Results from the quantitative survey are reported under four headings: identification and overview of services, identification of PwHD population, capacity at HD specialist services and key gaps in relation to capacity with access to facilities, HCPs and referral networks and also reported in Tables 1–3. These gaps were also identified as key themes in the qualitative phase.
Table 1
Type of organization, n (%) | n (%) |
Mental Health Trust | 7 (26) |
Tertiary referral hospital | 7 (26) |
Genetics and Neurology | 4 (15) |
District General Hospital | 3 (11) |
Other | 3 (11) |
Third sector provider, e.g., SHA | 2 (7) |
Rehabilitation service | 1 (4) |
Clinical lead for the HD clinic | |
Neurologist | 10 (37) |
Psychiatrist | 8 (30) |
Other | 5 (18) |
Geneticist | 4 (15) |
Table 2
HCP | n (%) |
Neurologist | 17 (63) |
Research nurse | 17 (63) |
Psychiatrist | 15 (56) |
HD specialist nurse | 13 (48) |
HD specialist employed by HDA | 13 (48) |
Geneticist | 12 (44) |
Researcher | 9 (33) |
Speech and language therapist | 9 (33) |
HD specialist employed by SHA | 8 (30) |
Occupational therapy | 7 (26) |
Physiotherapy | 6 (22) |
Social worker | 5 (19) |
Other* | 5 (19) |
Dietician | 3 (11) |
Nurse | 2 (7) |
Dentist | 1 (4) |
*Other HCPs include clinical psychologists, support workers, neuropsychiatrists, and research fellows.
Table 3
Premanifest | Stage 1-2 | Stage 3 | Stage 4-5 | |
Difficult | 2 (7) | 4 (15) | 2 (7) | 5 (18) |
Adequate | 15 (56) | 13 (48) | 13 (48) | 15 (56) |
Easy | 9 (33) | 10 (37) | 12 (45) | 6 (22) |
Don’t know | 1 (4) | 0 (0) | 0 (0) | 1 (4) |
The insights from the qualitative interviews are shown using quotation marks in separate boxes and next to each quote we indicate the role the respondent has within the HD service.
RESULTS
Identification of specialist services for HD
A total of 31 specialist services for HD were identified through desk research (England 18, Scotland 10, Wales 2, and Northern Ireland 1) of which 27 centers completed the online survey (quantitative phase), primarily by a clinician (15) or nurse (5). The follow up interview (qualitative phase) was completed in 23 centers: 13 in England, 8 in Scotland and 2 in Wales, and interviews were mainly with a clinician (13) or nurse (7).

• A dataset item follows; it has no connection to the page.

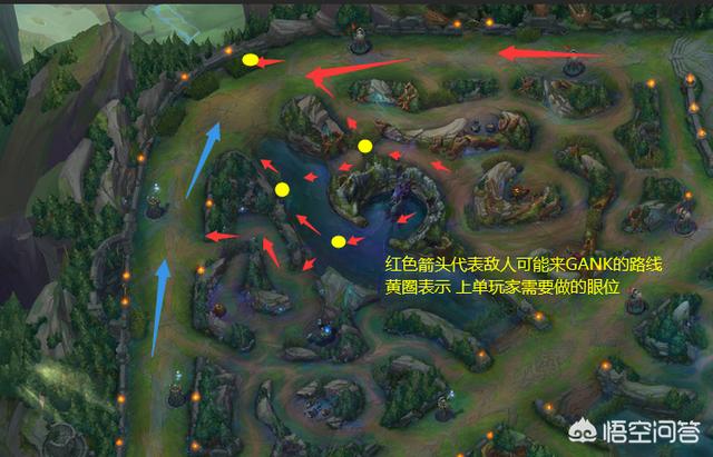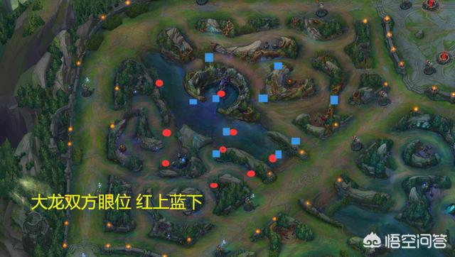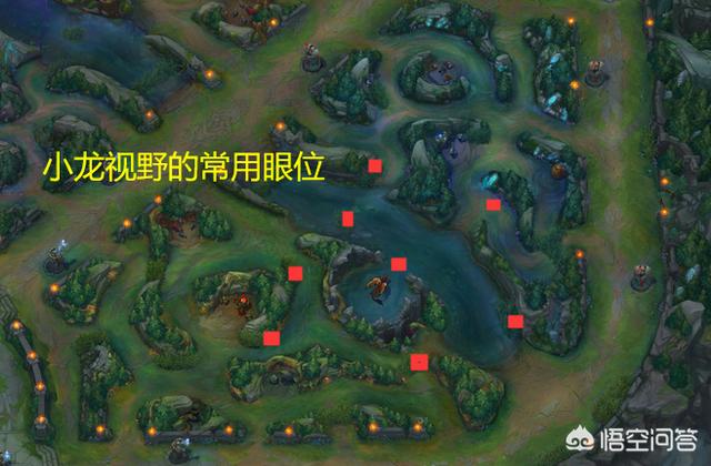 中期:中期小龙还没打的话,可以把小龙周围的视野都做了,根据不同的方位做不同地方的眼,如下图。在时刻保证下路视野的时候,也要尽可能把眼做到敌方野区,来获得敌方打野的动态和防止对面中单下来GANK。

Overview of specialist services for HD
The main characteristics of these specialist services are summarized in Table 1. Services were led primarily by a mental health trust (26%) or tertiary referral hospital (26%), with clinical leads predominantly comprising neurologists, psychiatrists, and geneticists. Other clinical leads were neuropsychologists, neuropsychiatrists, or HD specialist nurses.
Of the 27 services that completed the online survey, 23 had an active multidisciplinary team (MDT), comprising common HCPs that included neurologists (63%), research nurses (63%), psychiatrists (56%), and HD specialist nurses (48%) (Table 2). MDT meeting frequency varied from none at all (15%), to weekly (41%), monthly (19%), or more than monthly (15%).
Majority of specialist services offered outpatient clinics (96%) and many also offered outreach in the community (74%) and telemedicine appointments (70%). Fewer services offered inpatient beds (26%) or satellite clinics (26%).
Specialist services were primarily funded through hospital or health board (National Health Service, NHS) budgets, with this channel accounting for 53% of funding on average, followed by national funding (e.g., NHS England) (18%), and clinical trials or research grants (12%).
Population served by HD specialist centers
The average number of PwHD managed annually by each specialist service was 173, ranging from 5 to 950, reflecting the wide variation in the populations served. The distribution of PwHD in each stage ranged from an average 18% pre-manifest HD, 24% Stage 1-2 HD, (Total Functional Capacity (TFC) score between 13 and 7), 32% Stage 3 HD (TFC score between 6 and 3) and 26% Stage 4-5 HD(TFC score between 2 and 0).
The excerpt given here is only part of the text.